Latest technology in Artificial Intelligence you need to know

Introduce the latest technology in artificial intelligence, and combine the status quo to make some personal judgments on the future development trend.

From AlphaGo Zero to Alpha Zero: A key step towards universal artificial intelligence

In 2017, AlphaGo Zero made a further technical upgrade as the second generation of AlphaGo. It is extremely easy to defeat the AlphaGo generation. This shows that human beings are not qualified to compete with artificial intelligence in Go. AlphaGo’s general-purpose version of Alpha Zero was released at the end of 2017. Not only is Go, but for other chess games such as chess and Japanese chess, Alpha Zero also overwhelmingly defeated the most powerful AI program including AlphaGo Zero.

AlphaGo Zero has not been substantially improved in terms of technical means compared with AlphaGo. The main body is still the structure of MCST Monte Carlo search tree plus neural network and deep-enhanced learning training method, but the technical implementation is simple and elegant (refer to the picture below) .

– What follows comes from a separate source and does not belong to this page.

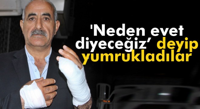 "Birkaç kişi geldi. Bize sert bir şekilde ‘neden evet vereceğiz, neden hayır vereceğiz, bize açıklar mısınız?’ diye söyledi. Amaçlarının provokatörlük olduğu belliydi. Hareketlerinden belliydi. Biz de, ‘Beyefendi biz size ne anlatalım, bak biz burada broşür veriyoruz, vatandaşa ikram ediyoruz, zaten iki aydır basında, yayında her tarafta insanların niçin evet vereceği, niçin hayır vereceği belirtilmiş, biz size ne anlatalım? Biz stantta broşür dağıtıyoruz. Lütfen broşürlerinizi alın buradan uzaklaşın’ dedik. O anda mahalle başkanımız Serhat Bey, ‘Lütfen uzaklaşır mısınız?’ dediği anda genç çocuk yumruk attı. Ben olayı ayırmak istediğimde bana da yumruk ve tekmeyle cevap verdiler. Olayın içine çektiler parmaklarım kırıldı, gözlüğüm parçalandı. Ondan sonra olay arkadaşlara sirayet etti. Hiç istemediğimiz yerlere gitti. Bizim amacımız belli, evet oylarının çıkması, ama onların amacı provoke etmek, olay çıkarmak. Gözlüğümü ve parmağımı kıranlardan şikayetçiyim."

The main changes consist of two things:

From AlphaGo’s one-step stepping strategy, DeepMind is considering the versatility of this extended technology solution, enabling it to solve more problems with a set of technologies, especially those that are of real value in non-gaming real life. problem. At the same time, AlphaGo series technology also showed the power of deep-enhanced learning to machine learning practitioners, and further promoted relevant technological advances. At present, we can also see examples of deep-enhanced learning applied in more fields.

GAN: The prospects are broad, and the theory and application are developing rapidly.

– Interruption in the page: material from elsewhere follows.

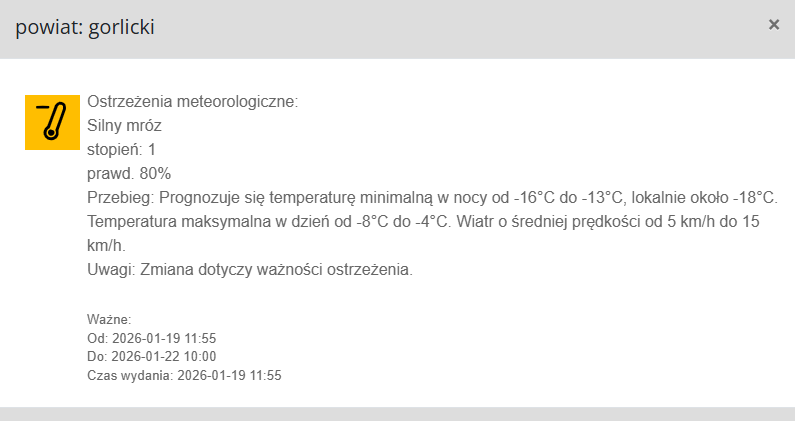 Dzisiaj (19 stycznia 2026) o godz. 11:55 wydano ostrzeżenie meteorologiczne pierwszego stopnia przed silnym mrozem z prawdopodobieństwem wystąpienia zjawiska na poziomie 80%.

GAN, known as Generative Adversarial Nets. As a representative of the generation model, GAN has attracted widespread attention from the industry since it was proposed by Ian Goodfellow in 2014. Yann LeCun, one of the deep learning masters, highly praised GAN, which is the most interesting machine learning industry in the past decade. Thoughts.

GAN has a wide range of application scenarios, such as image style conversion, super-resolution image construction, automatic black-and-white image coloring, image entity attribute editing (such as automatically adding a beard to the portrait, switching the color of the hair and other attributes), between different areas of the picture Conversion (for example, the spring image of the same scene is automatically converted to a fall image, or the daytime scene is automatically converted to a nighttime scene), or even the dynamic replacement of the image entity, such as changing a cat in a picture or video into a dog (Refer to the picture below).

In the past, there has been good progress in how to increase the stability of GAN training and solve the collapse of the model. GAN essentially uses the generator and discriminator to conduct confrontation training. The forced generator does not know the true distribution Pdata of a certain data set, and adjusts the distribution Pθ of the generated data to fit the real data distribution Pdata. It is critical to calculate the distance metrics for the two distributions Pdata and Pθ during the current training process.

Capsule: Expect to replace CNN's new structure

The Capsule structure was published in the form of a thesis in the form of a essay in the form of “Deep Learning Godfather” by Mr. Hinton, and the paper became the focus of researchers’ attention, but in fact, this thought Hinton has been thinking deeply for a long time and before on various occasions. Propaganda this idea. Hinton has always been very interested in the Pooling operation in CNN. He once said: “The Pooling operation used in CNN is a big mistake. In fact, it works well in actual use, but it is actually a disaster.” So what is the problem with MaxPooling that makes Hinton hate it? The reason can be seen by referring to the example shown in the picture below.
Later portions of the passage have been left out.